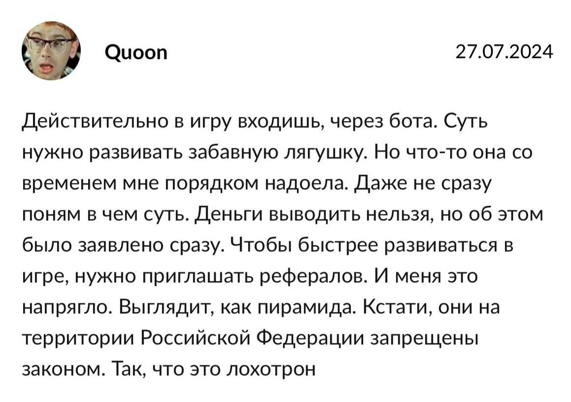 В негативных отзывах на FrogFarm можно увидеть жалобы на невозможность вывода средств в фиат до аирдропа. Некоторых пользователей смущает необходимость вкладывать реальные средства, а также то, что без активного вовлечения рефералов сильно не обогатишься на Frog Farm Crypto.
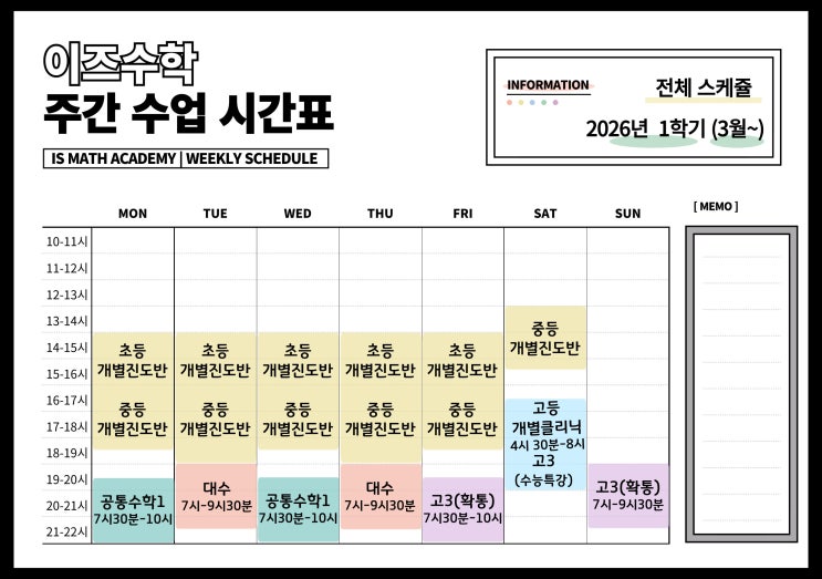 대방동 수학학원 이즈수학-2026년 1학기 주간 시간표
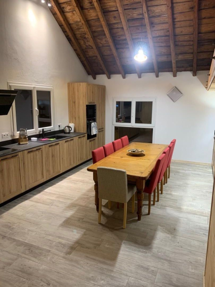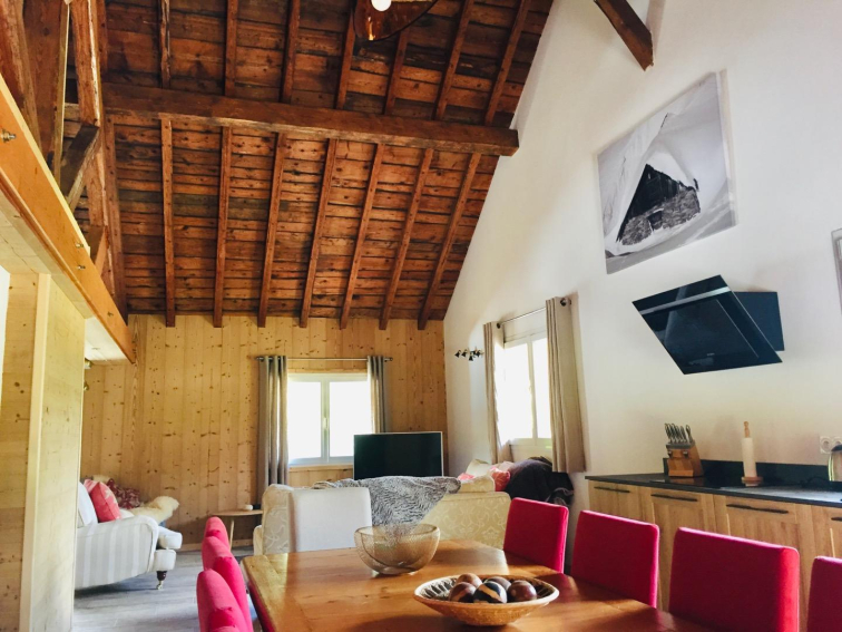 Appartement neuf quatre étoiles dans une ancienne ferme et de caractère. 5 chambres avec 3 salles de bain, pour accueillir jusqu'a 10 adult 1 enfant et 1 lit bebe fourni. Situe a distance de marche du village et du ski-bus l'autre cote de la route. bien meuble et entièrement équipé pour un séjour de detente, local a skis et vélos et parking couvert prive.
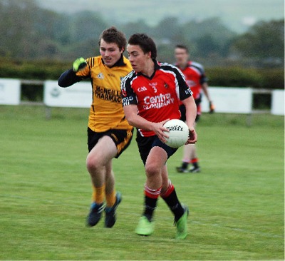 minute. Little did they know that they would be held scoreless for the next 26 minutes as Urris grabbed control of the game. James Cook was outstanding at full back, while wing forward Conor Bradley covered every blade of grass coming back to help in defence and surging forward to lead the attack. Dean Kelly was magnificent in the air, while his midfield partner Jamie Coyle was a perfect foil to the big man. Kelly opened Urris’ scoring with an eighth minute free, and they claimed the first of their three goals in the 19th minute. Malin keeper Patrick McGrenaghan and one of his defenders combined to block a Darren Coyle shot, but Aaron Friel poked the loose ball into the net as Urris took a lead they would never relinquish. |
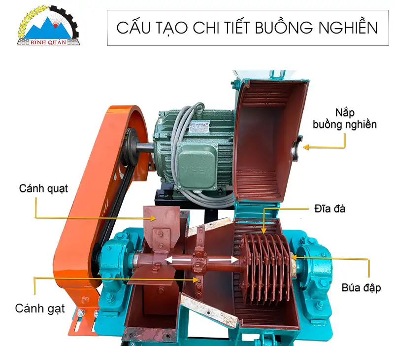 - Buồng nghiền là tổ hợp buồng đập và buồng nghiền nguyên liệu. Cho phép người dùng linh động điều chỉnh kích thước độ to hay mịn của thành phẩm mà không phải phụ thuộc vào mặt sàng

++++++

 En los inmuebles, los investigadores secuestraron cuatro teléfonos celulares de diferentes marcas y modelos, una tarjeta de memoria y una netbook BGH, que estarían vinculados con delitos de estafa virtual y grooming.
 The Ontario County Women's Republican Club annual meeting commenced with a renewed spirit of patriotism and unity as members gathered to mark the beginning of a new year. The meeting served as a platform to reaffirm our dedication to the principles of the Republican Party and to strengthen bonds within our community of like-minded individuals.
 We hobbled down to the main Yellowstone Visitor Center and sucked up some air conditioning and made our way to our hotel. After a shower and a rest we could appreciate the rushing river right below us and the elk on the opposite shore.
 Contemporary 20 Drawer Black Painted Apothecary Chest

++++++

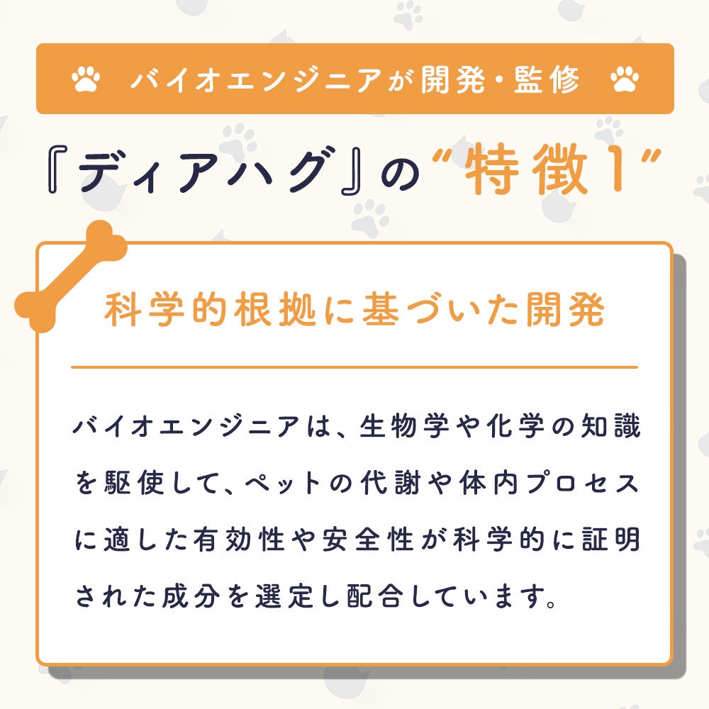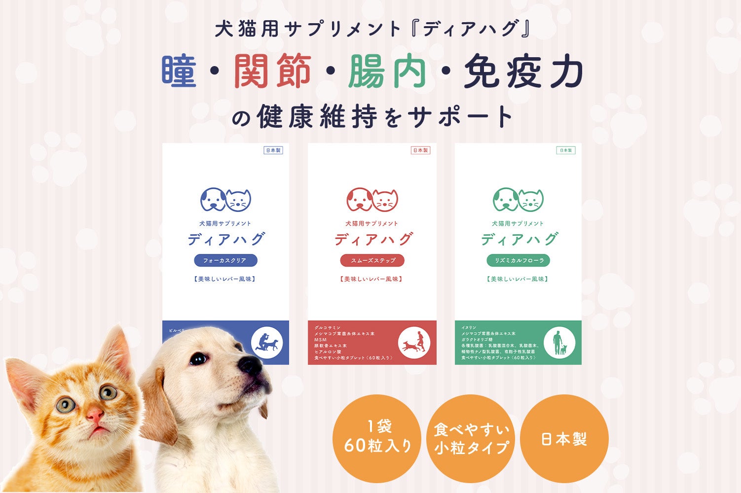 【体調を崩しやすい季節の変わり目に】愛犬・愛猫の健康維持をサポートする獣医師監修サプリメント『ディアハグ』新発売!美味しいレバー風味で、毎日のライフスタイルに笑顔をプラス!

++++++

In the listing above, find the line with "The Ontario County" and the line with "Contemporary 20 Drawer", then print exactly those two lines and every line between them, and nothing more.

» **Answer to this problem**
 The Ontario County Women's Republican Club annual meeting commenced with a renewed spirit of patriotism and unity as members gathered to mark the beginning of a new year. The meeting served as a platform to reaffirm our dedication to the principles of the Republican Party and to strengthen bonds within our community of like-minded individuals.
 We hobbled down to the main Yellowstone Visitor Center and sucked up some air conditioning and made our way to our hotel. After a shower and a rest we could appreciate the rushing river right below us and the elk on the opposite shore.
 Contemporary 20 Drawer Black Painted Apothecary Chest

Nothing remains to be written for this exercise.